─── Material shown ───

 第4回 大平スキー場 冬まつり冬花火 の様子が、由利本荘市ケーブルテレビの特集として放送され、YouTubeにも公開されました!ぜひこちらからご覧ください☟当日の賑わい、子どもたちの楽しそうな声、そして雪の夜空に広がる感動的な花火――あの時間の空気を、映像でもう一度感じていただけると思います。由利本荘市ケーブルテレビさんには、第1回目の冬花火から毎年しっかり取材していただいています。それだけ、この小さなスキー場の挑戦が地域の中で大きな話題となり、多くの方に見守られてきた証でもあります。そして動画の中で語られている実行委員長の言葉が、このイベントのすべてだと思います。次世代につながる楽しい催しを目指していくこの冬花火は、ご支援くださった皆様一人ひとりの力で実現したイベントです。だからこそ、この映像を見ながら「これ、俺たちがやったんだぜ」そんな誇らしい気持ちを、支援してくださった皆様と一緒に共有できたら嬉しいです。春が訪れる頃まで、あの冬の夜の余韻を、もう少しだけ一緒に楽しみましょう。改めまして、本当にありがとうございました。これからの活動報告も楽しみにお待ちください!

───
─── Material shown ───

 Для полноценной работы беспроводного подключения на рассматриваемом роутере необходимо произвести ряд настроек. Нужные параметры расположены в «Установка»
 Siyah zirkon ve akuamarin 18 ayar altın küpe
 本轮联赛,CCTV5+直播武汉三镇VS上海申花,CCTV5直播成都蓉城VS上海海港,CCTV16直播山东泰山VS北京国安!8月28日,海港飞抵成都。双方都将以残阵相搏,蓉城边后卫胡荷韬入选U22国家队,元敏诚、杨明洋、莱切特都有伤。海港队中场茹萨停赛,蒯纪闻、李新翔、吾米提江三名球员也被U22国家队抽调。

───

## What is expected
Starting at the line above that contains "Для полноценной работы", repeat each line exactly up to and including the line that contains "本轮联赛,CCTV5+直播武", and stop there.

## Reply
 Для полноценной работы беспроводного подключения на рассматриваемом роутере необходимо произвести ряд настроек. Нужные параметры расположены в «Установка»
 Siyah zirkon ve akuamarin 18 ayar altın küpe
 本轮联赛,CCTV5+直播武汉三镇VS上海申花,CCTV5直播成都蓉城VS上海海港,CCTV16直播山东泰山VS北京国安!8月28日,海港飞抵成都。双方都将以残阵相搏,蓉城边后卫胡荷韬入选U22国家队,元敏诚、杨明洋、莱切特都有伤。海港队中场茹萨停赛,蒯纪闻、李新翔、吾米提江三名球员也被U22国家队抽调。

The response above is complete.